Joaquim Fernández Solà
Professor of Medicine at the University of Barcelona and coordinator of the Central Sensitisation Unit at the Hospital Clínic de Barcelona.
The two studies are novel and of high scientific interest, and have a high methodological quality, with the use of metabolomic and metagenomic techniques. They are published in a journal specialised in the microbiome, with high scientific impact.
These studies corroborate the line of research initiated some five years ago on the role of the microbiota in chronic fatigue syndrome/myalgic encephalomyelitis (CFS/ME). However, these studies are more systematised, carried out on larger samples and with better methodology than the previous ones. They not only make it possible to establish pathogenic correlations between the microbiota and CFS/ME, but also to determine the role of certain mediators, such as intestinal butyrate biosynthesis and the abundance of Faecalibacterium prausnitzii. They also profile specific microbiota phenotypes for increased fatigue intensity and for newly diagnosed versus long-standing CFS/ME subgroups.
These articles provide biomarkers that may be useful for assessing gastrointestinal involvement in CFS/ME patients. However, as the authors themselves state in the limitations of the studies, these are not diagnostic markers of disease, but of the process of gastrointestinal dysfunction. Nor do they immediately assume that they can act directly on the microbiota and improve the symptoms of CFS/ME. We are still in the early stages of scientific understanding of the microbiota and its mediating role in multiple diseases, including CFS/ME.

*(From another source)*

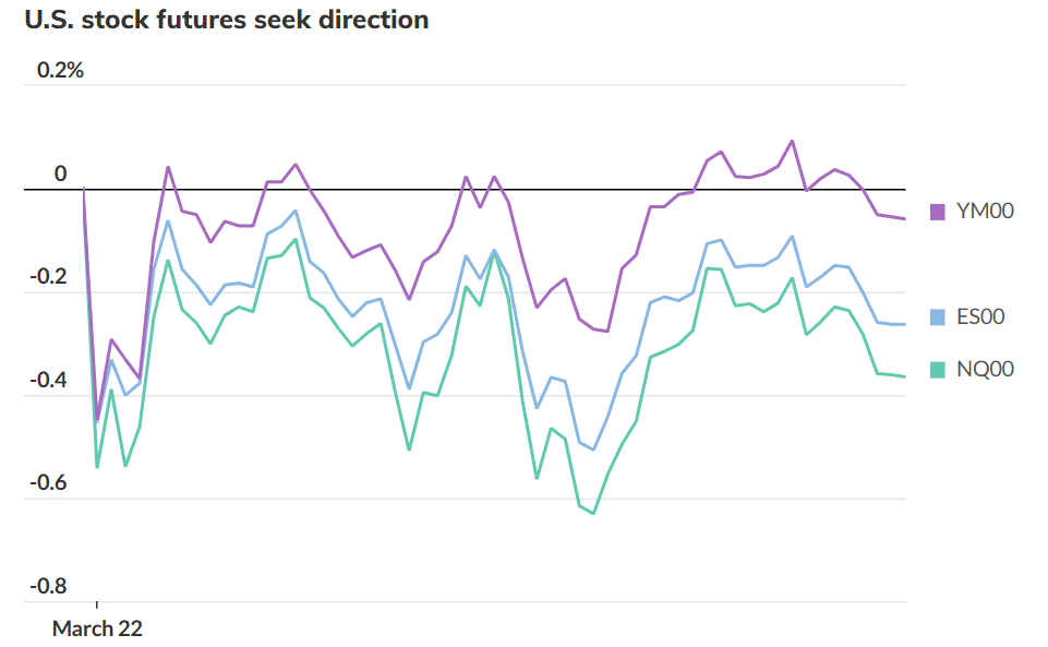 FX168财经报社(亚太)讯 周一(3月23日)亚市早盘,美国股指期货在小幅上涨与下跌之间来回波动。美国总统唐纳德·特朗普和伊朗方面再度发出升级威胁,令搅动波斯湾地区局势的这场冲突面临进一步恶化风险。

CFS/ME is a complex disease of neuroinflammatory pathogenesis with systemic repercussions. The microbiota interrelates with the brain in this disease, modulating intestinal reactivity to food and external factors and triggering local inflammatory reactions, with potential systemic repercussions. The more we know about the microbiota in CFS/ME, the better we will understand what happens in gut dysfunction in this disease. However, we must not forget that the main site where this dysfunction mainly occurs is in the central nervous system. What happens in the gut may only be secondary to the central nervous system alteration in the brain-gut axis.